**PROBLEM STATEMENT:** Restate the listing below word for word; no pictures belong in the copy.

**GIVEN INFORMATION:**
::::::::

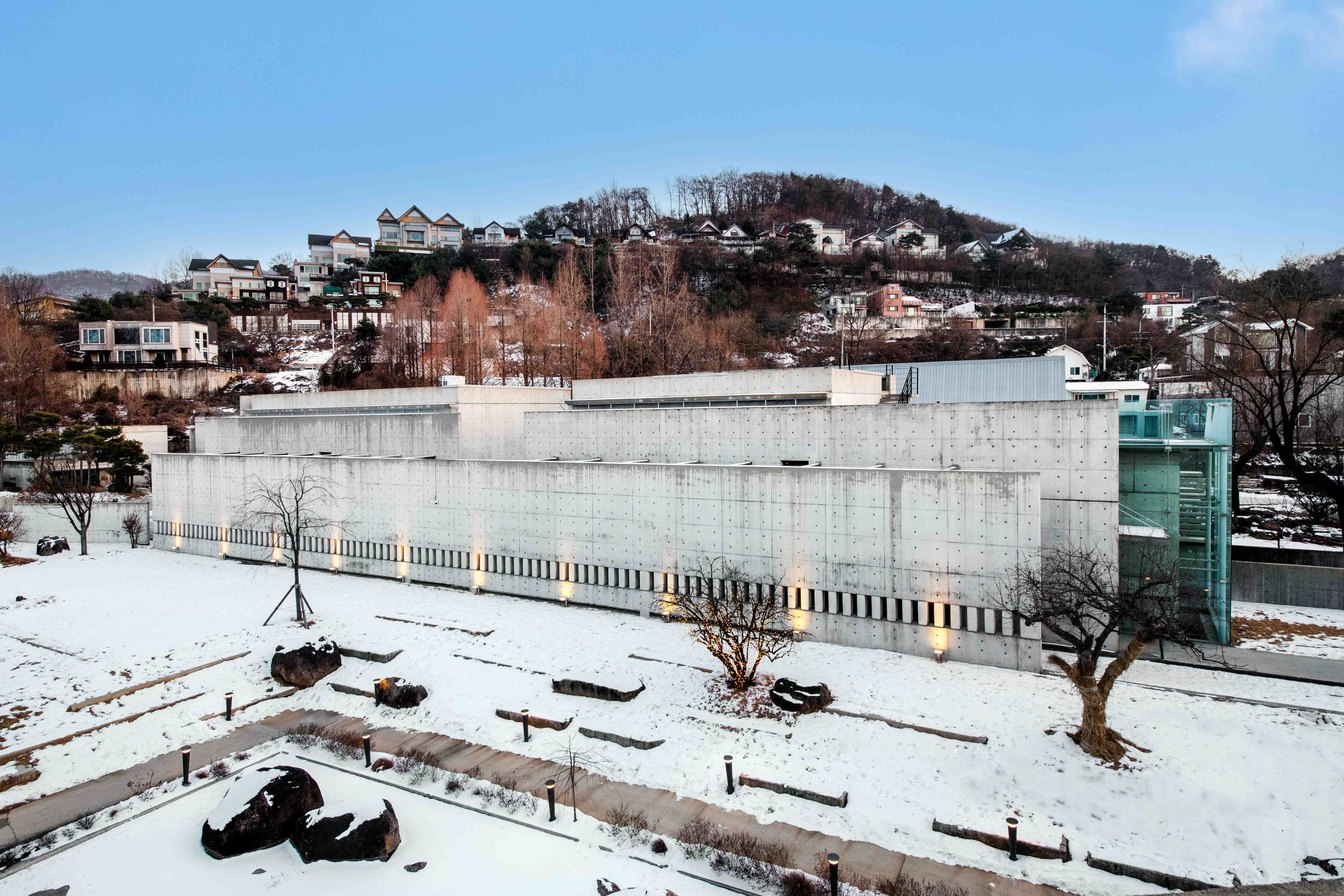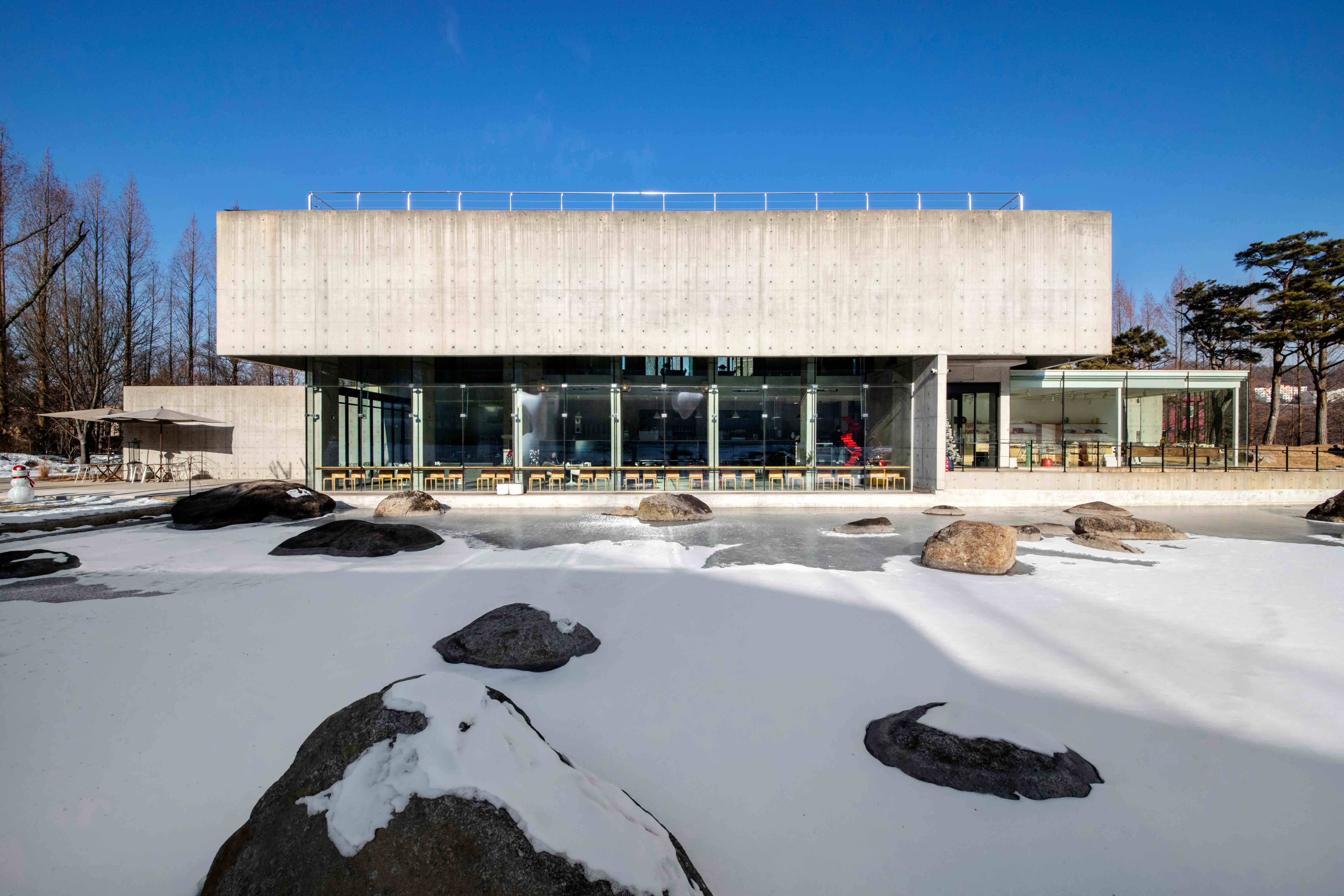 This project was carried out as a collaborative effort. One day, we received a proposal from Professor Kim, Gae-cheon, who was then the representative of Lee Do Architecture and is currently a professor at Kookmin University, to work together on a small private art museum project in Yangpyeong. Despite the rarity of such a project, we decided to collaborate and even moved our office to the site to work on it. Originally known as the “Yangpyeong 00 Gallery” project, it expanded to include an exhibition hall and restaurant, management residence and warehouse, and a hanok exhibition hall. As more land was acquired, five projects were carried out simultaneously, including the addition of a glass pavilion, gallery storage, and café.
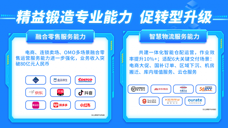智慧物流方面,公司共建一体化智能仓配运营,适配电商大促、国补订单、区域下沉、机房搬迁、库内增值服务、云仓服务六大关键交付场景,作业效率提升 10% 以上。
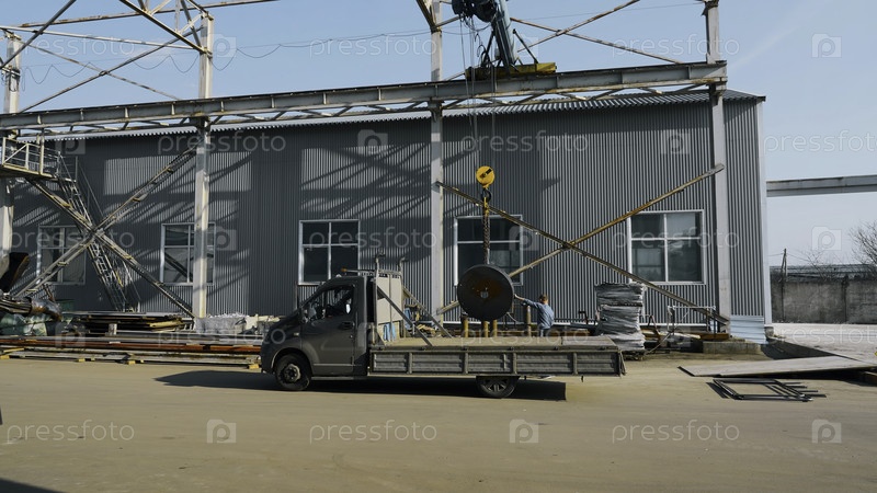Рабочий-техник, использующий подъемный кран для поднятия металлических деталей на фабрике мастерской

::::::::

**TASK ANSWER:**
 This project was carried out as a collaborative effort. One day, we received a proposal from Professor Kim, Gae-cheon, who was then the representative of Lee Do Architecture and is currently a professor at Kookmin University, to work together on a small private art museum project in Yangpyeong. Despite the rarity of such a project, we decided to collaborate and even moved our office to the site to work on it. Originally known as the “Yangpyeong 00 Gallery” project, it expanded to include an exhibition hall and restaurant, management residence and warehouse, and a hanok exhibition hall. As more land was acquired, five projects were carried out simultaneously, including the addition of a glass pavilion, gallery storage, and café.
智慧物流方面,公司共建一体化智能仓配运营,适配电商大促、国补订单、区域下沉、机房搬迁、库内增值服务、云仓服务六大关键交付场景,作业效率提升 10% 以上。
Рабочий-техник, использующий подъемный кран для поднятия металлических деталей на фабрике мастерской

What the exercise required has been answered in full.